If Jaguar would have used the Tesla Supercharger Network, the iPace would be a very compelling vehicle. They would not even have needed to make it free - just make it hardware compatible and let folks deal with Tesla payments themselves. And since it is such a small production anyways, they would never come up with their own network. I guess they were thinking that CCS will be wide-spread enough one day. But I think it is a mistake. Nothing beats the supercharger network.
 
Problem with the Jag is that it will take something like 10-12 hours on a level 2 home charger. Really no excuse for that.
Well, that points out the fundamental misunderstanding that most non-EV owners have. It probably wasn't empty (depleted) when you plugged it in, so in reality it's always full in the morning. That's all that matters, except of course for long distance travel.
 
...which is apparently (according to news reports) because they can't get enough batteries.

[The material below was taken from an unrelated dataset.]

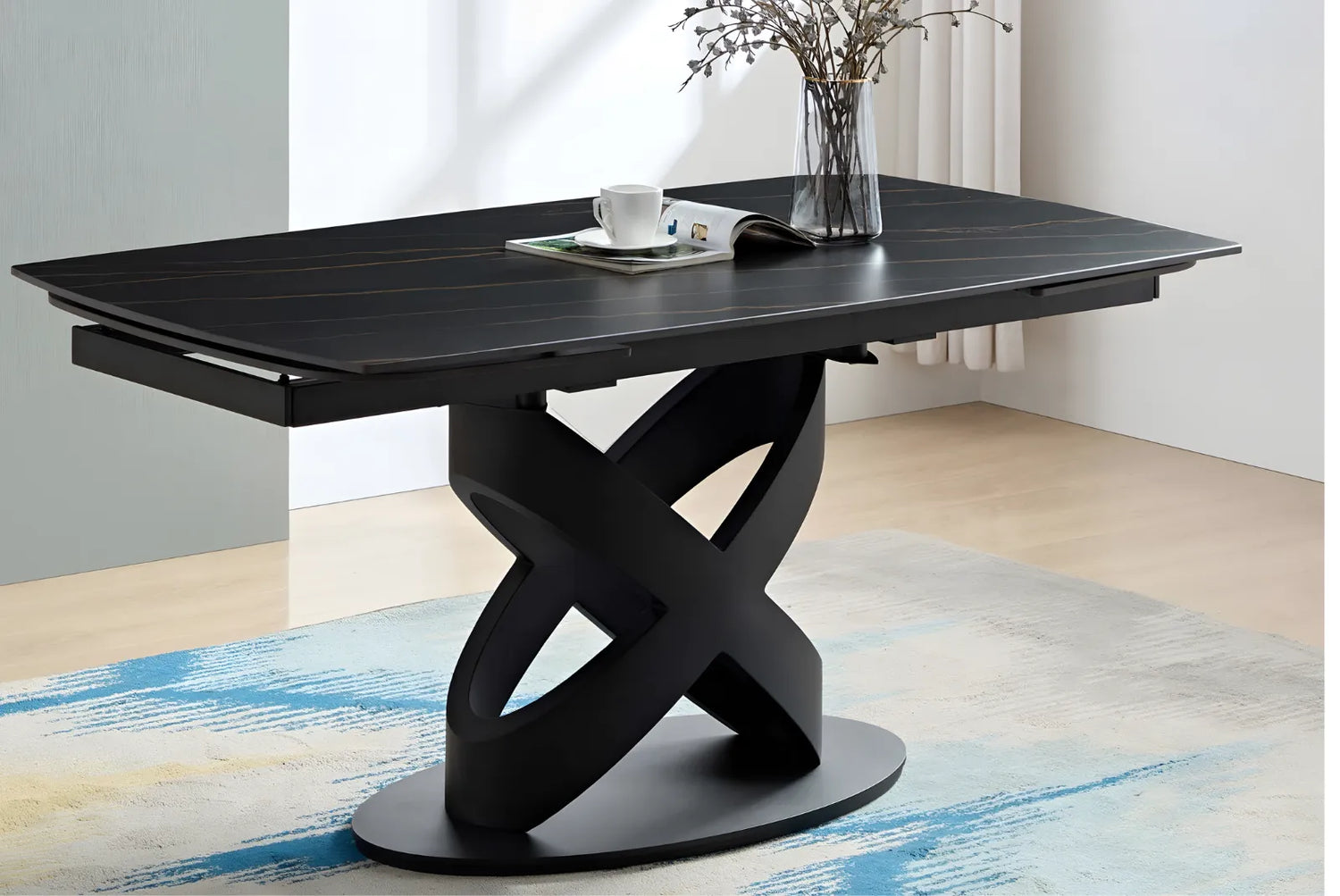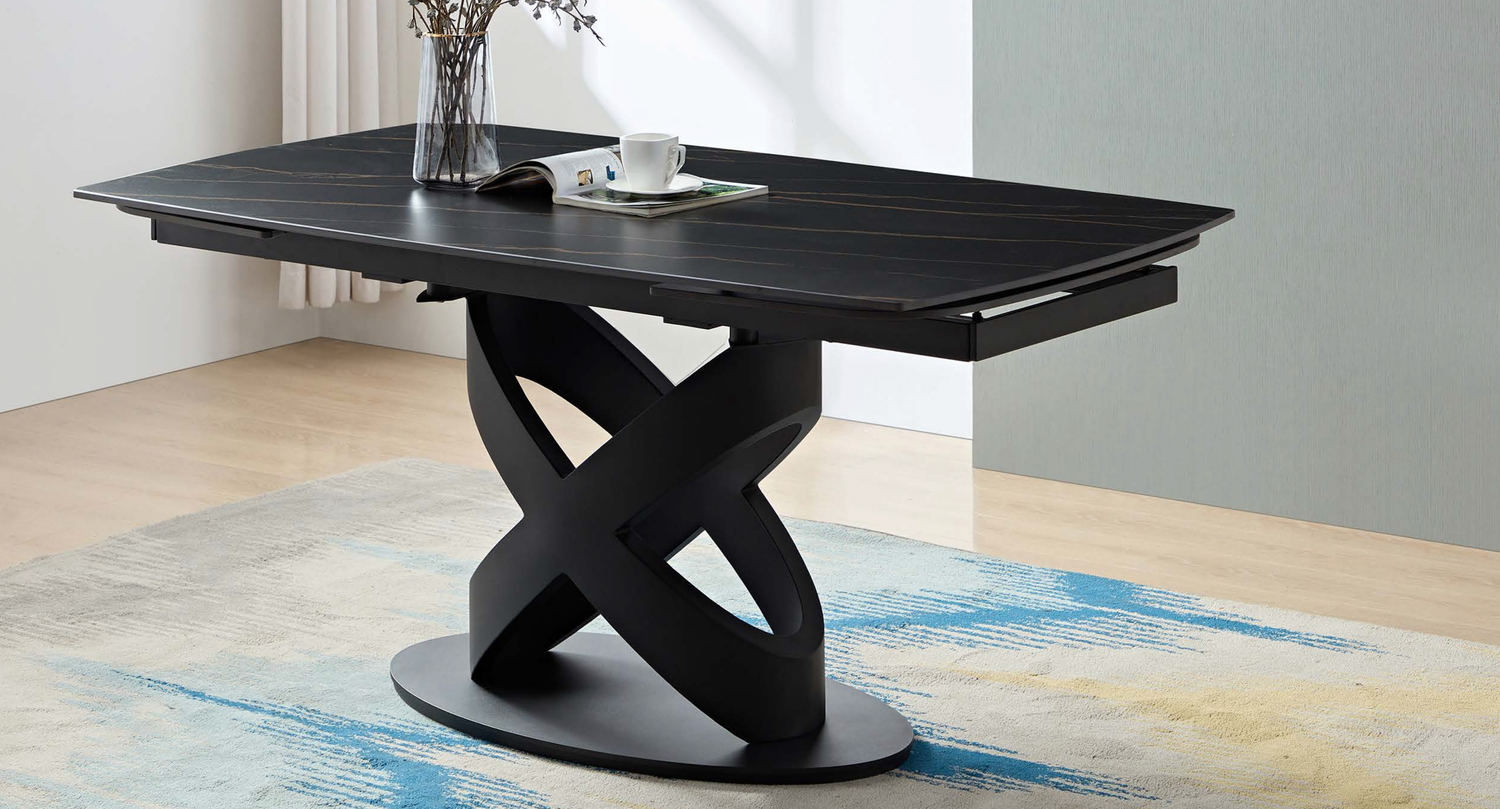 Questo modello da 160 cm dispone di 2 allunghe laterali da 40 cm le quali permettono di aggiungere posti in più a tavola per gli ospiti. Anche il meccanismo di allunga viene proposto nella stessa finitura del basamento, per creare un piacevole coordinamento cromatico.

I suspect this pattern to become very common among all the "tesla killers" in the next few years:
1. Well known car company X produces a Tesla killer EV
2. Customers realize it is better than the ICE offerings from X company and want to buy it => high demand
3. Company X unable to scale up production due to battery shortage
4. Significant portion of the customers buy a Tesla instead of waiting years for X-BEV

So the bottomline will be that all those tesla killers boost Tesla sales as they will be the only BEV with sufficient (battery) production capability.
 
I suspect this pattern to become very common among all the "tesla killers" in the next few years:
1. Well known car company X produces a Tesla killer EV
2. Customers realize it is better than the ICE offerings from X company and want to buy it => high demand
3. Company X unable to scale up production due to battery shortage
4. Significant portion of the customers buy a Tesla instead of waiting years for X-BEV

So the bottomline will be that all those tesla killers boost Tesla sales as they will be the only BEV with sufficient (battery) production capability.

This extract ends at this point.